Floating point addition is not commutative. Never has been, never will be. IOW, (a+b)+c is *not* the same as a+(b+c).

In short its a problem with the rounding of intermediate results. Consider a three digit decimal FP system, and you add 100, -100 and .01. If you compute (100 + -100)+.01, you'll get .01. If you compute (100+.01) + -100, you get 0, since the (100+.01) rounds back to 100. It's actually fairly easy to get into a situation (like the one I just illustrated) where the result is *entirely* noise. People doing long sums (matrix multiplication, for example), often take considerable pains to try and minimize the accumulated error, including carefully controlling the order in which things are added.

In general, there are few cases where two FP numbers can be meaningfully compared for equality. Usually the correct approach is to do something like "fabs(a-b) < epsilon", although picking epsilon can be a bit tricky.

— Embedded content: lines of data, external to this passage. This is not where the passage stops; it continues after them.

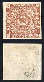 Newfoundland SG19 5d Red-brown No Gum Crease Cat 90 pounds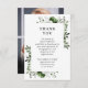 Um cartões de agradecimentos funerário decorado com um elegante design floral verde-oliva personalizado com o seu próprio obrigado, a sua mensagem e fotografia no verso. Projetado por Thisnotme©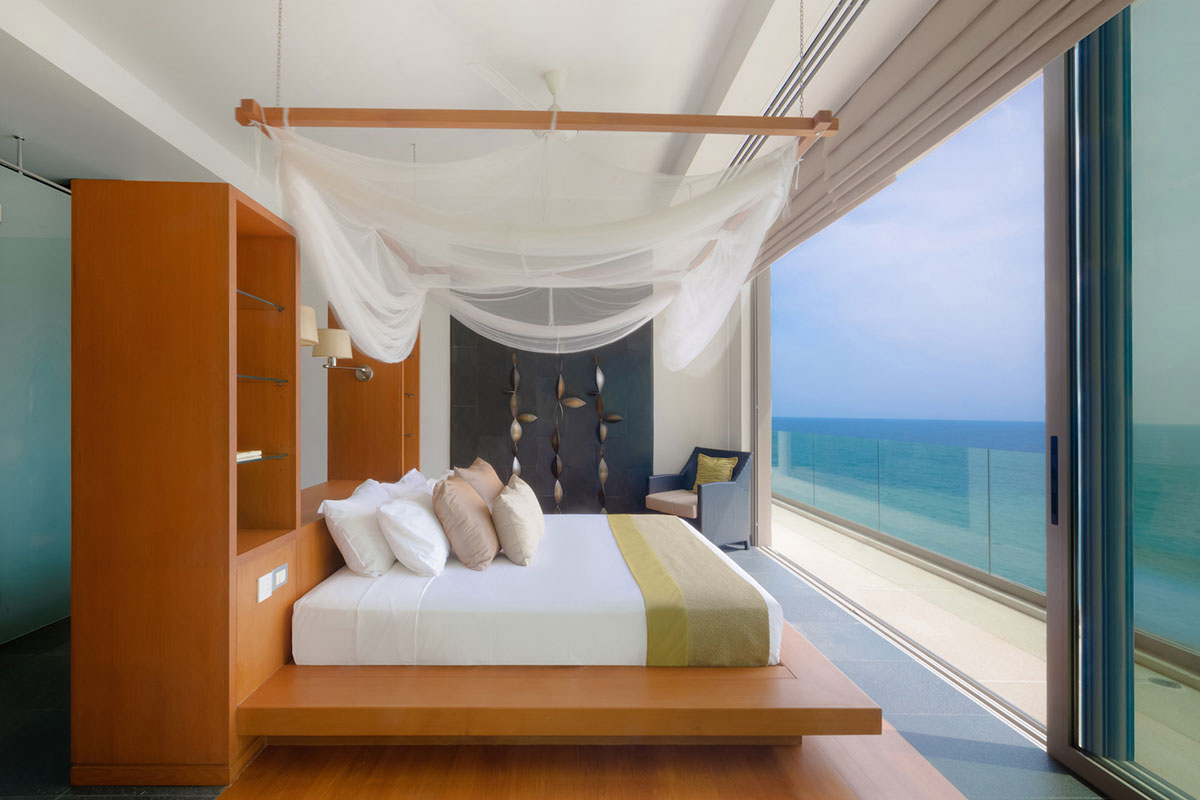 Guest Bedroom 6 — Ocean View; King size bed; Closet; Safety box; Intercom; Air conditioning; Ceiling fan; Bluetooth sound system; Ensuite bathroom with Bathtub, Rain shower & shower, One vanity, and; Separate toilet; Toiletries; Hair dryer; Bathrobes; Slippers; Umbrellas; Access to master bedroom 2 via a staircase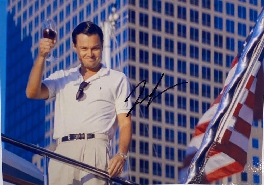 The Wolf of Wall Street Leonardo DiCaprio facsimile signed movie photo. 8x10 inches. This item is a reprint of an original autograph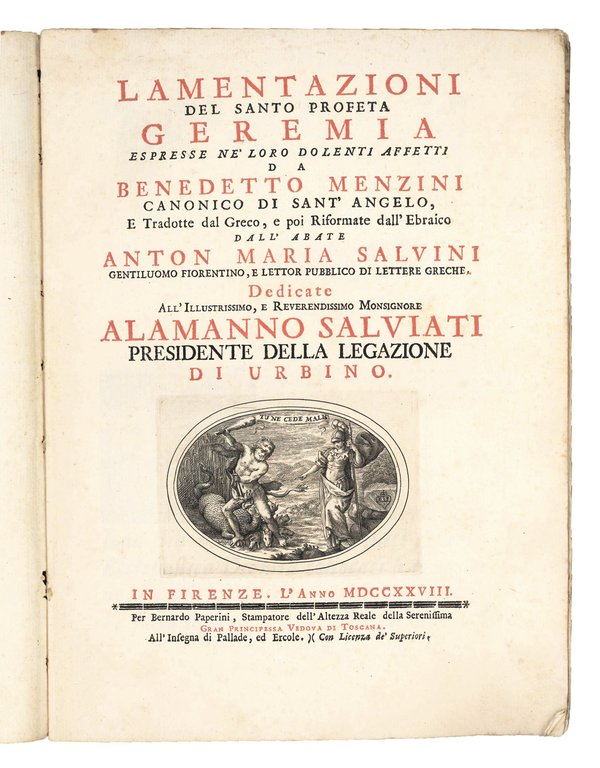 Lamentazioni del santo profeta Geremia espresse ne' loro dolenti affetti da Benedetto Menzini canonico di Sant'Angelo, e tradotte dal greco, e poi riformate dall'ebraico dall'abate Anton Maria Salvini gentiluomo Fiorentino, e lettor pubblico di lettere greche [...].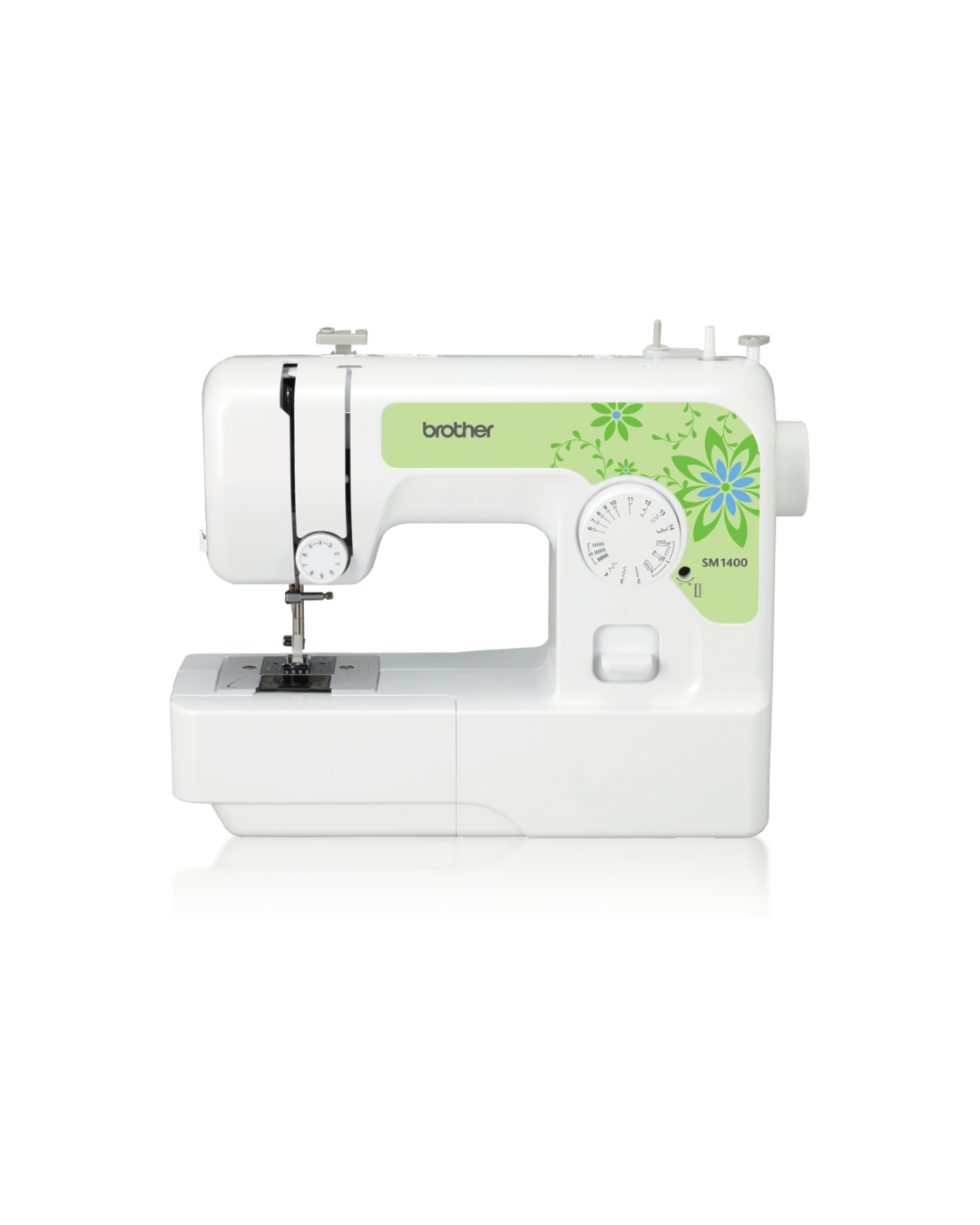 El SM1400 ofrece el conjunto perfecto de funciones para coser y remendar todos los días, a un precio asequible. Ligera pero de tamaño completo, esta máquina puede caber fácilmente en una mesa o escritorio, luego ser transportada y almacenada cuando no está en uso. Se incluyen 14 puntadas para dobladillos ciegos, puntadas elásticas, ojales, inserción de cremalleras y más. Seleccionar sus puntadas es tan fácil como girar el dial, y el dial de control de tensión y la palanca de costura inversa le brindan un control adicional al alcance de su mano.

"What Every Computer Scientist Should Know About Floating-Point Arithmetic":

• posted

Can't believe I wrote commutative... Argh. FP addition does not follow the usual rules of associativity. OTOH, there have be machines where elementary FP operations have not been commutative (Cray-1 FP multiplication, for example, where a*b often didn't equally b*a).

• posted

In this case, though, I'm computing score = a + b + c. Strictly in that order. Twice, with other floating point calculations in between. And getting different answers.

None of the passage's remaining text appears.